What about things like The New Humanist, which exist solely to dissect and challenge religious belief? Is the government proposing to ban The Rationalist Society? How about atheists – are they going to become illegal? They frequently mock and challenge religious folk and doctrine.

And in any case, isn’t part of the point of having faith to be able to have that faith challenged yet to continue to believe? The Christian martyrs were tortured to death, yet held onto their conviction that their God was the true one. Are their spiritual heirs really so weak-willed that having a few people mock them and call them idiots will make them abandon Christ? If so their faith is already dead and pointless. We’re doing them a favour.

According to that FAQ, the people affected by the new law would be

“Individuals and members of extremist and racist organisations and parties who stir up hatred of groups defined by their religious beliefs. Also, religious extremists who stir up hatred against members of other religions.”

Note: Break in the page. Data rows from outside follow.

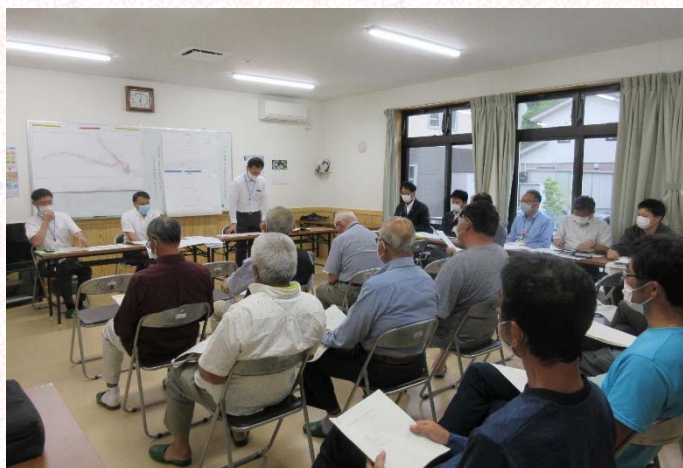
6月18日 大浜地区 説明会の様子
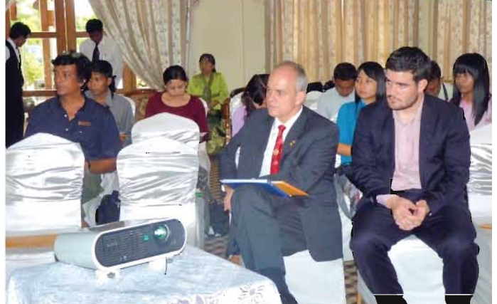
သတင်းစာရှင်းလင်းပွဲသို့တက်ရောက်လာသူများအားတွေ့ရစဉ်

ကုလသမဂ္ဂလူဦးရေရန်ပုံငွေအဖွဲ့သည် လွန်ခဲ့သည့် နှစ်ပေါင်း ၃၀ ကာလအတွင်း မြန်မာနိုင်ငံတွင် ကျန်းမာရေးဝန်ကြီးဌာန၊ အစိုးရမဟုတ်သော အဖွဲ့အစည်းများနှင့် လက်တွဲကာ မျိုးဆက်ပွားကျန်းမာရေးအစီအစဉ်များကို ပံ့ပိုးပေးခဲ့ပြီး သားဆက်ခြားဆေးဝါးပစ္စည်းများကို အဓိကပံ့ပိုးပေးနေသည့် အဖွဲ့အစည်း ဖြစ်ပါသည်။ သို့သော် မျိုးဆက်ပွားနိုင်သည့် အသက်အရွယ်အတွင်းရှိ အိမ်ထောင်ရှင်မြန်မာအမျိုးသမီး လေးပုံတစ်ပုံနီးပါးသည် သားဆက်ခြားနည်းလမ်းများကို သုံးစွဲလိုသော်လည်း သုံးစွဲနိုင်ခြင်းမရှိဟု ကုလသမဂ္ဂလူဦးရေရန်ပုံငွေအဖွဲ့၊ မြန်မာနိုင်ငံဌာနေကိုယ်စားလှယ် မစ္စတာမိုဟာမက် အဗွဒယ်လ်အာဟတ်က ပြောကြားခဲ့သည်။ မြန်မာနိုင်ငံရှိ မိခင်များသေဆုံးရခြင်းနှင့် မသန်မစွမ်းဖြစ်ရခြင်း၏ အဓိကအကြောင်းရင်းတစ်ခုဖြစ်သော အန္တရာယ်ရှိသည့် ကိုယ်ဝန်ဖျက်ချခြင်းကို ကာကွယ်နိုင်ရန်အတွက် အစိုးရနှင့်ဖွံ့ဖြိုးမှုဆိုင်ရာ လုပ်ငန်းဆောင်ရွက်နေသော မိတ်ဖက်အဖွဲ့အစည်းများမှ ခေတ်မီသားဆက်ခြား ဆေးဝါးပစ္စည်းများကို ရရှိအောင် ကြိုးပမ်းဆောင်ရွက်ခြင်းသည် အလွန်အရေးပါကြောင်းကိုလည်း ၎င်းကဆက်လက် ပြောကြားခဲ့သည်။
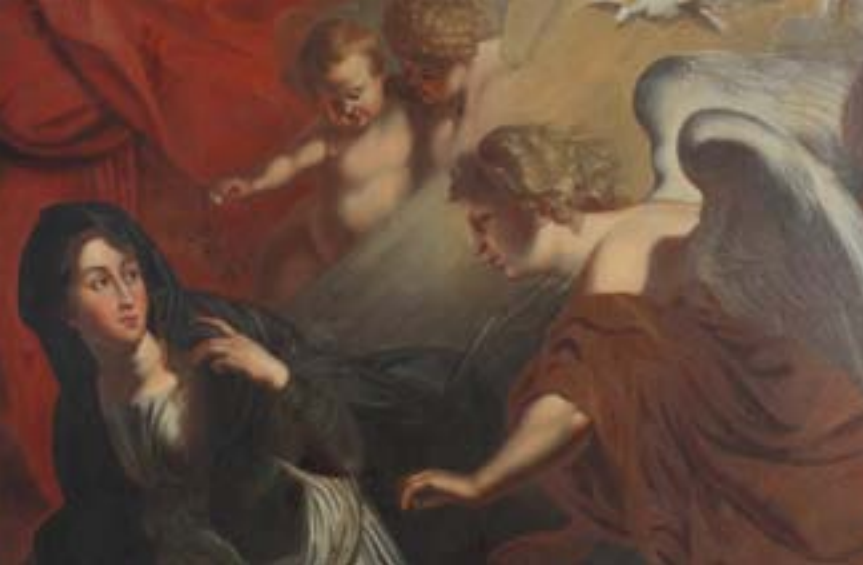
MARIJINO OZNANJENJE, DETAJL

So, that would include not only every evangelist in the country, but also the entire Cabinet, all of whom have been complicit in the post-9/11 anti-Muslim tirades (which, naturally, were aimed solely at the extremists and fanatics, but which have nonetheless ensured that Musliims throught the country are now viewed with distrust and fear by the rest of the population). Will Charles Clarke have to arrest first the Prime Minister and then himself?

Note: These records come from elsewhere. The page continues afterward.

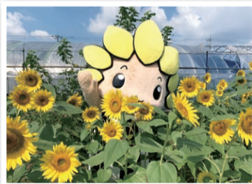
ヒカリファーム（座間1丁目）
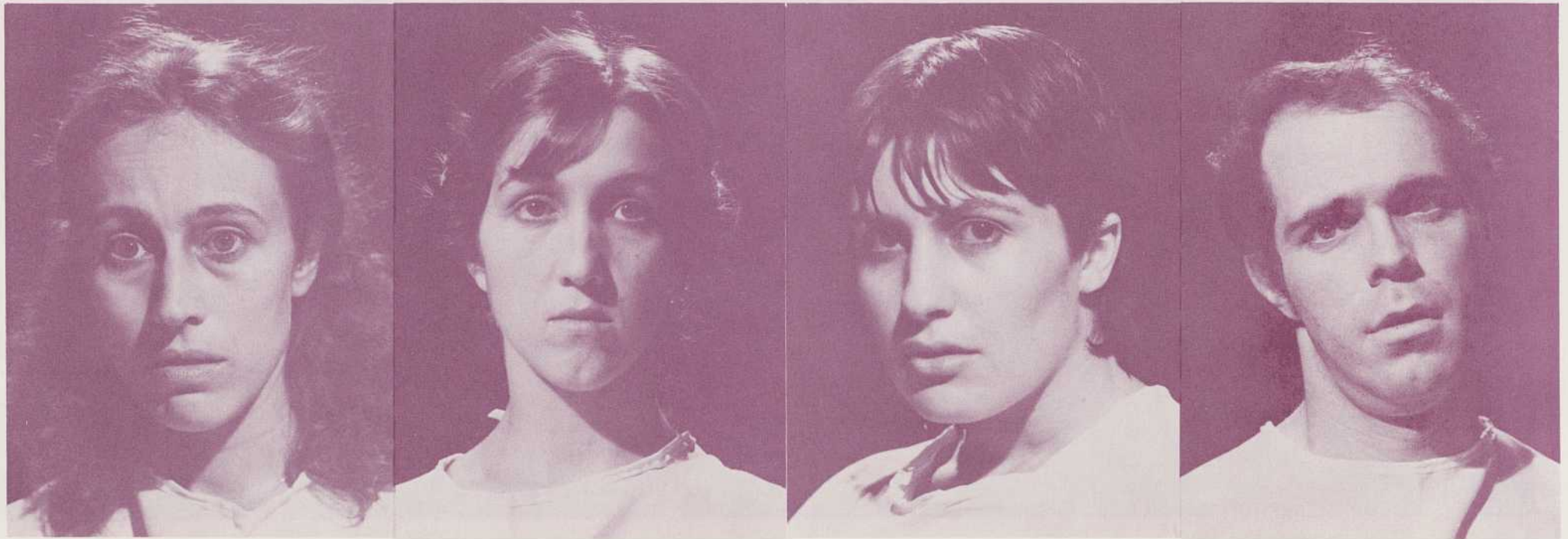
• LA FOLIE C'EST CE QUI RESTE APRÈS QU'ON A TOUT PERDU, SAUF LA RAISON • G.K. CHESTERTON
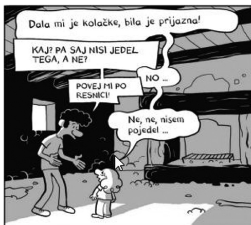
Slika 2: Veriga govornih oblakov v stripu Arabec pribodnosti Riada Sattoufa.

To, da so oblaki umeščeni eden čez drugega tako, da se le deloma prekrivajo, lahko bralcu sporoča tudi, da sodijo skupaj – da so govorne izjave izrečene v kratkem časovnem zaporedju oziroma jih izreka isti govorec. Pogosto so izjave istega govorca v stripih zapisane tudi v verigi govornih oblakov (Slika 2), pri kateri ožji prostor na mestu, kjer so oblaki povezani med seboj, označuje kratke premore v govoru (Mikkonen 2017: 235), hkrati pa takšna veriga tudi usmerja branje ali celo vodi bralca iz prizora v prizor.
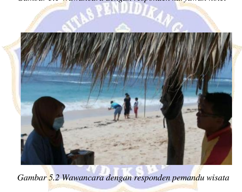
Gambar 5.2 Wawancara dengan responden pemandu wisata

Of course, what this really is is merely another facet of the “anti-terror” legislation Blair and Co. keep trying to force through. The people most likely to use inflammatory rhetoric will not be Catholic priests or the beardily inoffensive Archbishop of Canterbury, but the hardline mullahs of the more extreme mosques.

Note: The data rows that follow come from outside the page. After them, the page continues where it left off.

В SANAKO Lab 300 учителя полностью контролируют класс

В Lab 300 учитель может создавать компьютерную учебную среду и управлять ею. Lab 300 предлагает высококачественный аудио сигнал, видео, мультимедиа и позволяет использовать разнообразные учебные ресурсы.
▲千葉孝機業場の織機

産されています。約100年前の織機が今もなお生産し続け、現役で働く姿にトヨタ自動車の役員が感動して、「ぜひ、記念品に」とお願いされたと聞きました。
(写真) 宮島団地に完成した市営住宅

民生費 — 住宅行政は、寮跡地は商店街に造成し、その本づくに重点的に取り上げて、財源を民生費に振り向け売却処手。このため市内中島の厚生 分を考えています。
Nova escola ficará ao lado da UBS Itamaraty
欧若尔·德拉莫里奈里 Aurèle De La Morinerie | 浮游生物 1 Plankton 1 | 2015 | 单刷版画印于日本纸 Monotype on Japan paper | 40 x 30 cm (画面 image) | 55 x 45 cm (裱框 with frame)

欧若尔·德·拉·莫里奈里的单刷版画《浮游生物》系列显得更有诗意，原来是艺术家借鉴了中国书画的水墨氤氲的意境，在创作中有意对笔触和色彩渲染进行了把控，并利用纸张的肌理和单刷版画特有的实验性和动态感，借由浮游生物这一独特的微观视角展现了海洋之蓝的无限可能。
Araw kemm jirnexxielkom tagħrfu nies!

After years of trying and failing to get rid of the likes of Abu Hamza for connections to terrorism (for which there was insufficient evidence to prosecute, but we allowed him to be extradited anyway despite his holding a British passport because, erm…), a law like this would enable an instant lock-up because their overblow language – not that different to the fire and brimstone sermons of the Victorian Church of England – can happily be interpreted literally.

In other words, this will all come down to semantic interpretation. The local vicar telling us how the pharasees and Jews betrayed and killed Our Lord Jesus Christ will be fine (because, you know, the fact that Jews have frequently faced attack from irate Christians over the centuries due to their involvement in the Christian God’s death OBVIOUSLY hasn’t come from Biblical blame-throwing…). But if someone at a mosque suspected of having terrorist links happens to use the term “infidel” then we’ll lock him up and throw away the key.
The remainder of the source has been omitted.